» **GIVEN DATA**
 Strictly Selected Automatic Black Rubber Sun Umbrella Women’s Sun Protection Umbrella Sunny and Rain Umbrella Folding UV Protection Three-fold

---

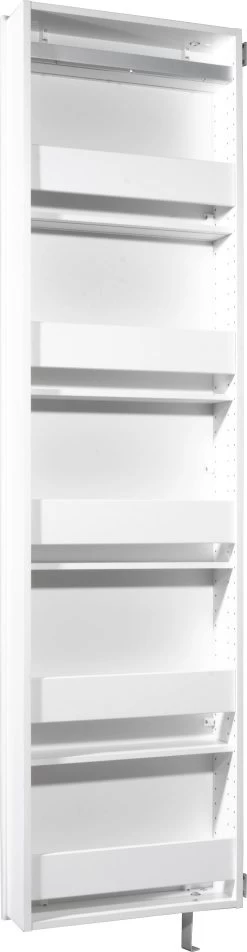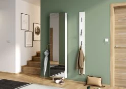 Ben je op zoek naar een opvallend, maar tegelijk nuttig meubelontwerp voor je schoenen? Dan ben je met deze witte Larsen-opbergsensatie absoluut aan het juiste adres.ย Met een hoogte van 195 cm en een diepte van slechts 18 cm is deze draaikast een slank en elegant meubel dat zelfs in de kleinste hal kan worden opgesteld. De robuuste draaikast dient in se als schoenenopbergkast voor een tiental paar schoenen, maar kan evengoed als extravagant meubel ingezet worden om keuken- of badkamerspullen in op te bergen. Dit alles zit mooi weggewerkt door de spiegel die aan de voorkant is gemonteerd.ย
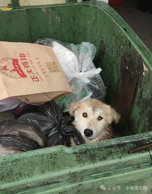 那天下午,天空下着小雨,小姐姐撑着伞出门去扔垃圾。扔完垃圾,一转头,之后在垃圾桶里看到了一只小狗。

» **YOUR ASSIGNMENT**
Would you print exactly the lines in the listing above, from the line bearing "Ben je op zoek" through the line bearing "那天下午,天空下着小雨,小姐", leaving out all pictures?

» **WRITTEN REPLY**
 Ben je op zoek naar een opvallend, maar tegelijk nuttig meubelontwerp voor je schoenen? Dan ben je met deze witte Larsen-opbergsensatie absoluut aan het juiste adres.ย Met een hoogte van 195 cm en een diepte van slechts 18 cm is deze draaikast een slank en elegant meubel dat zelfs in de kleinste hal kan worden opgesteld. De robuuste draaikast dient in se als schoenenopbergkast voor een tiental paar schoenen, maar kan evengoed als extravagant meubel ingezet worden om keuken- of badkamerspullen in op te bergen. Dit alles zit mooi weggewerkt door de spiegel die aan de voorkant is gemonteerd.ย
 那天下午,天空下着小雨,小姐姐撑着伞出门去扔垃圾。扔完垃圾,一转头,之后在垃圾桶里看到了一只小狗。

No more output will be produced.